Halving lameness rates from a one-time high of 49% has resulted in a cost saving of more than £25,000 a year for a Welsh dairy farm.
Russell Morgan, who farms near Usk, had been battling digital dermatitis and sole ulcers in its robotically milked herd of 170 high yielding Holsteins.
As a result of Farming Connect project work with vet Sara Pedersen, the lameness levels are down to 24%.
This means the dairy producer is on track to meet the target he needs in order to secure a better milk contract.
The project got underway in January 2020 at a time when 39% of the herd was lame, including 25% of heifers.
That situation was costing the business £50,370 a year in lost milk yield, poor fertility, cull values and treatments, calculated Ms Pedersen, a specialist in cattle health and production.
“Lameness is intrinsically linked to so many different aspects of herd health and production" she explained.
Loss of production in a severely lame cow at score 3 is estimated to be £4.50/day and £1.50/day in a lame cow at score 2.
At the start of the three-year project, Mr Morgan had 10 cows at score 3 and 62 at score 2.
The AHDB Healthy Feet Programme was implemented and an action plan was formulated; this included a ‘blitz’ treatment regime for digital dermatitis followed up by a more effective footbathing regime to keep infection levels low.

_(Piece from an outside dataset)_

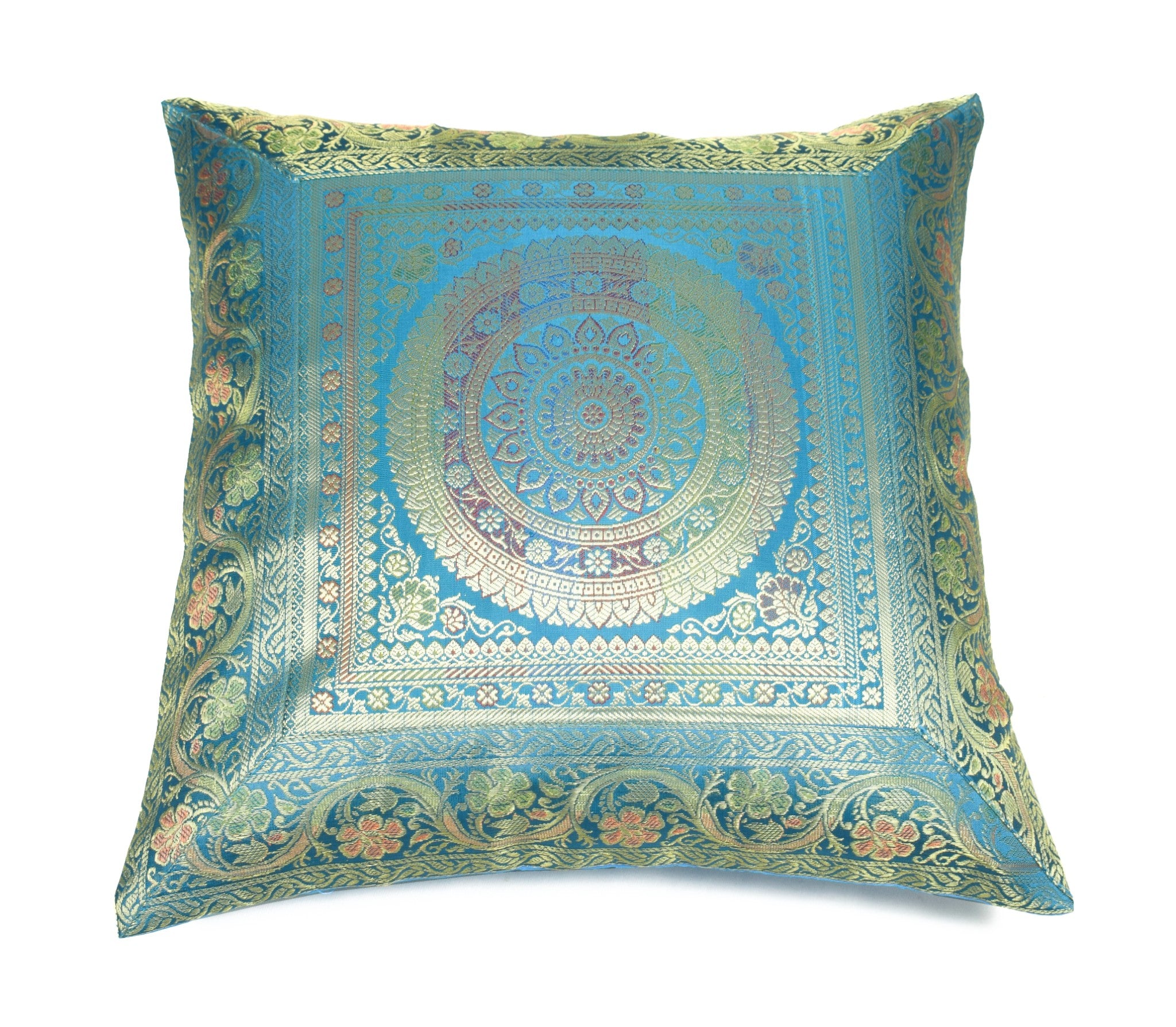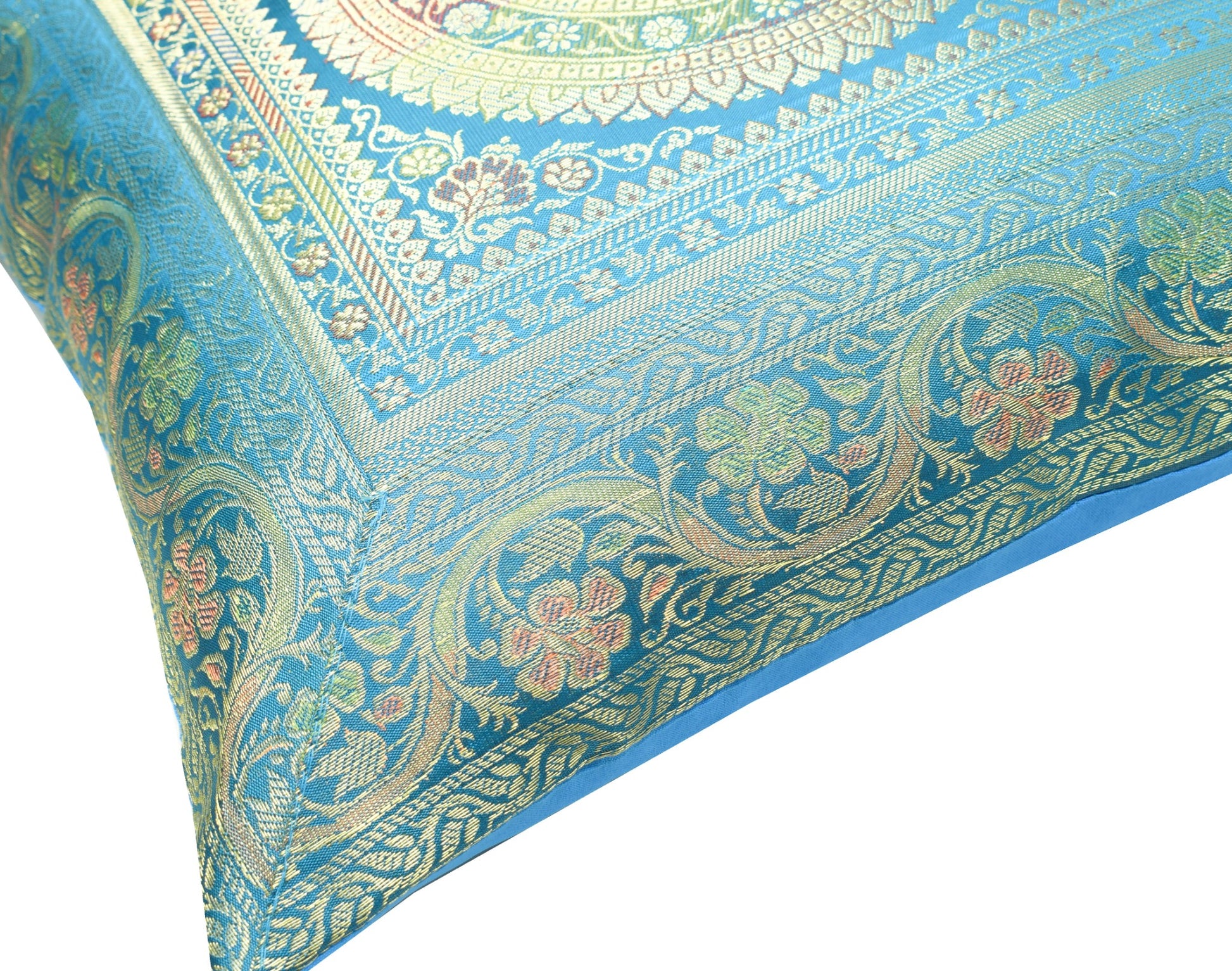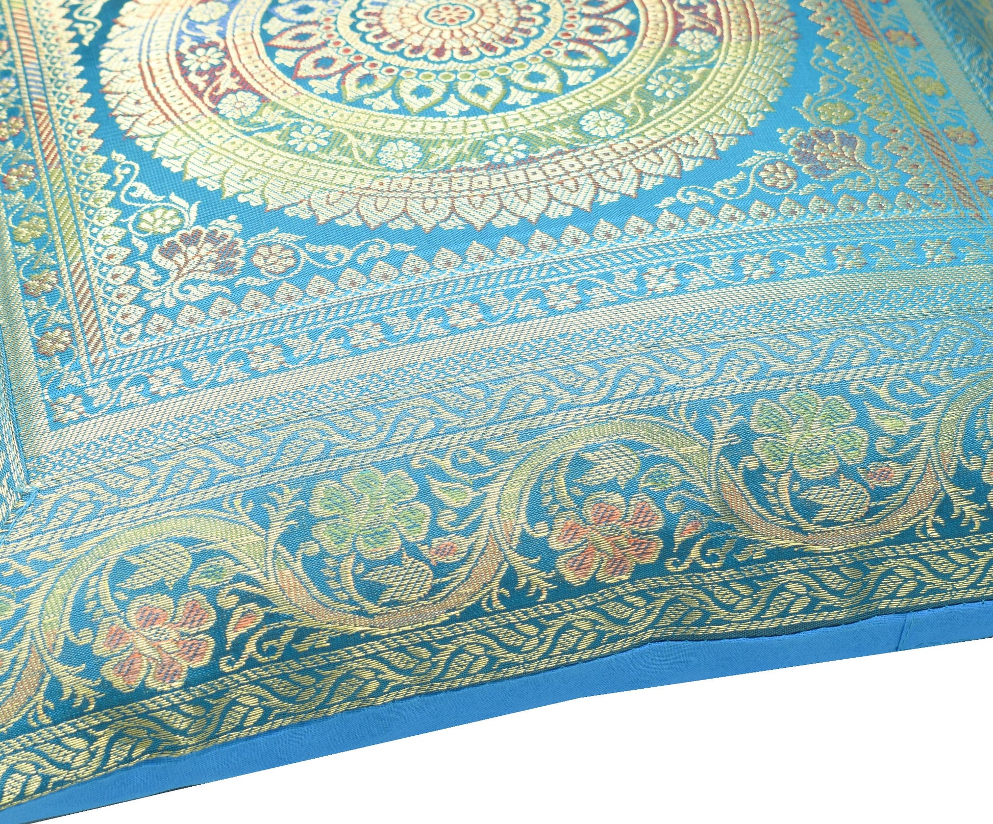 Turquoise Blue Banarasi Silk Cushion Cover 16x16 Featuring Woven Zari Mandala

Milkers were footbathed four times a week and dry and transition cows three times. There is now little incidence of digital dermatitis.
“If we find digital dermatitis during a trimming session it is very surprising," said Ms Pedersen.
One of the measures taken to tackle sole ulcers was to replace cubicle mattresses, to encourage cows to lie down more.
Sole ulcers develop from standing too much and, because of poor mattress comfort, cows had not been lying down enough.
The new mattresses were installed in the summer of 2020. “It takes cows a while to learn to lie down again," explained Ms Pedersen.
"But now that they are they are so much more comfortable on their feet, cleaner and that means less digital dermatitis too."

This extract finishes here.